Thinking about your audience, pick a tone you want to adopt over social media. Wendy’s manages to seem conversational and spontaneous despite a likely very complex and thorough media strategy rooting every single social media interaction.
It’s important to note that some social media platforms may be more casual than others. LinkedIn, for example, is primarily for professional interactions. The audience is viewing content with a lens for professional networking. Twitter, contrastingly, tends to be short and sharp interactions, creating a platform for casual interactions. Instagram is predominantly a visual content sharing platform and may require you to be a bit more creative in grabbing the attention of your network. Try to keep your brand voice uniform across platforms whilst keeping in mind the difference in networking platforms.
Being a law firm doesn’t limit your ability to explore different voices to connect with people. You’re professional communicators – shouldn’t be too hard!
Social media offers the opportunity to engage with a network of people regarding what your company offers, but it also allows you to engage with content beyond your immediate cause. You can mould your content to be relevant to any topics valuable to your firm and your clients.
Sharing articles and content about causes your firm values will showcase your commitment to your business values, and also allow your network to engage in these causes. For example, if you value green business practises, what’s stopping you from sharing articles related to climate change research? This will connect you with individuals with similar values, and allow you to share, comment, and support other businesses with the same world-views.
Don’t get pigeonholed into sharing articles only relating to your business practise – your network wants to see you engage with other content too!
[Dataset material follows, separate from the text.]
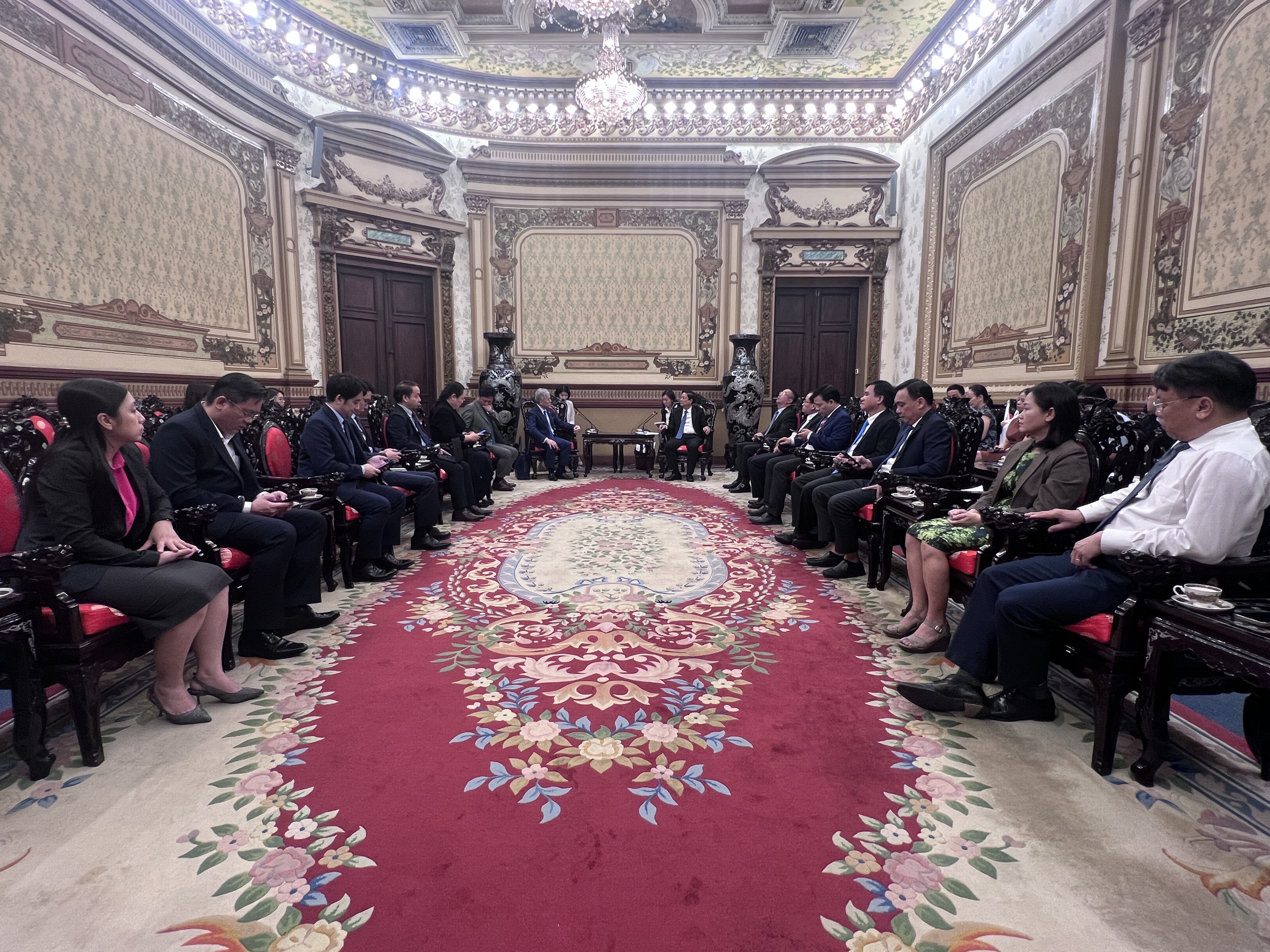 Cùng dự buổi tiếp có đại diện lãnh đạo các Ban của Hội đồng nhân dân Thành phố cùng Lãnh đạo các Sở Ngoại vụ, Sở Xây dựng, Sở Quy hoạch – Kiến trúc, Ban Quản lý Đường sắt đô thị (MAUR) và Tập đoàn Becamex

As a professional service, the outstanding relationships between your clients and staff is one of the most powerful tools you have to reach new clients. Social media provides a unique opportunity to showcase these relationships and show them off in a public forum.
You can share news and photos of your staff, their accomplishments, and how they interact and help people. Giving people the spotlight, instead of your firm, will highlight your commitment to excellence in human interaction, and give your audience insight into the real life day-to-day of your firm. Post a picture of your employee of the month on Instagram, point them out on LinkedIn. If a customer has given you particular feedback about an employee, don’t keep it a secret. Your social media network wants to hear about it!
You want to remove as many communicative barriers as you can in your social media outreach. Using real people in the stories and content that you are sharing on social media keeps your content relatable, collaborative, and entertaining.
If you aren’t familiar with using social media, find someone at your firm who is. Learning the ins-and-outs of social media can be a bit of a maze. It’s worth investing some time to see how brands you subscribe to market themselves on social media, and how different elements of their social media presence appeal to you.
If you’re just starting out on social media, don’t spread yourself thin over every available platform. Start small. LinkedIn is probably the easiest way to connect with people initially, so focus your time there, then develop presence on other social media platforms as you become more confident in your brand voice and outreach strategy.
Increasing and improving the effectiveness of your social media presence can not only increase the value of your brand but allows you to be reached by a limitless network of people. Adopting some insight from Jeff Bezos highlights the increasing relevance of social media on marketing strategy and outreach:
‘It used to be that if you made a customer happy, they would tell five friends. Now, with the megaphone of the internet, whether online customer reviews or social media, they can tell 5000 friends’.
It’s more than worth investing the time and effort to curate a powerful social media presence.